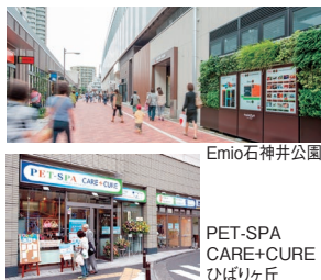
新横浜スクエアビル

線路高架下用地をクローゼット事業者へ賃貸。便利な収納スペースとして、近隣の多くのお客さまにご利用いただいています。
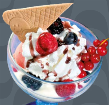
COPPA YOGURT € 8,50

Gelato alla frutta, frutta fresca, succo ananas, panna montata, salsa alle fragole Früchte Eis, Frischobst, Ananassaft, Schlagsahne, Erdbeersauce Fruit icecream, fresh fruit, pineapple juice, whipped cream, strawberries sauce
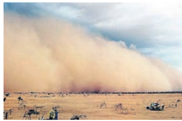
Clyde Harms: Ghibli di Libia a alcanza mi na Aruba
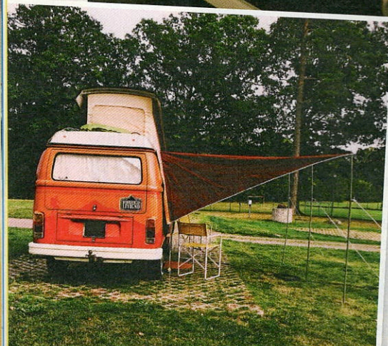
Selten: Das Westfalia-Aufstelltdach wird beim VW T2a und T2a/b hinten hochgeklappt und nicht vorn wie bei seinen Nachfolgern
----------
▶ **Activity**:
Please reproduce the listing exactly from its opening line through the line that contains "Gelato alla frutta, frutta", both included, with all pictures omitted.

▶ **Output**:
新横浜スクエアビル

線路高架下用地をクローゼット事業者へ賃貸。便利な収納スペースとして、近隣の多くのお客さまにご利用いただいています。
COPPA YOGURT € 8,50

Gelato alla frutta, frutta fresca, succo ananas, panna montata, salsa alle fragole Früchte Eis, Frischobst, Ananassaft, Schlagsahne, Erdbeersauce Fruit icecream, fresh fruit, pineapple juice, whipped cream, strawberries sauce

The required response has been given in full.